Work instructions
Set down the data below in full, exactly as it reads, but without the pictures.

Input data
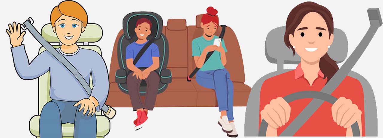 Jede Person, die im Pkw mitfährt, muss während der Fahrt angeschnallt sein. Sicherheitsgurte müssen korrekt angelegt werden.
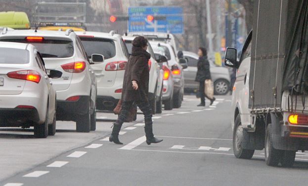 21일 전주시 전동 팔달로에서 시민이 달리는 차량 사이로 무단횡단을 하고 있다. 이날 국토교통부 발표에 따르면 전북지역의 교통문화지수는 전국 17개 시·도 중 15위로 최하위권에 그쳤다.
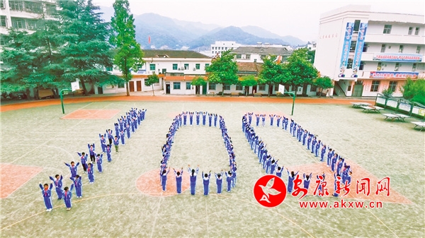 (6月25日,石泉縣城關(guān)鎮(zhèn)中心小學(xué)“童心向黨輝煌百年”主題教育活動(dòng)中,學(xué)生組成“100”、心形等字樣造型方陣,手揮國(guó)旗,齊聲高呼:祝中國(guó)共產(chǎn)黨生日快樂(lè)!杜懷 許啟軍 攝)
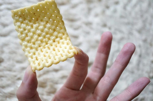 粉がポロポロ落ちるし、お口の周りにもついちゃう。

Result of the exercise
 Jede Person, die im Pkw mitfährt, muss während der Fahrt angeschnallt sein. Sicherheitsgurte müssen korrekt angelegt werden.
 21일 전주시 전동 팔달로에서 시민이 달리는 차량 사이로 무단횡단을 하고 있다. 이날 국토교통부 발표에 따르면 전북지역의 교통문화지수는 전국 17개 시·도 중 15위로 최하위권에 그쳤다.
 (6月25日,石泉縣城關(guān)鎮(zhèn)中心小學(xué)“童心向黨輝煌百年”主題教育活動(dòng)中,學(xué)生組成“100”、心形等字樣造型方陣,手揮國(guó)旗,齊聲高呼:祝中國(guó)共產(chǎn)黨生日快樂(lè)!杜懷 許啟軍 攝)
 粉がポロポロ落ちるし、お口の周りにもついちゃう。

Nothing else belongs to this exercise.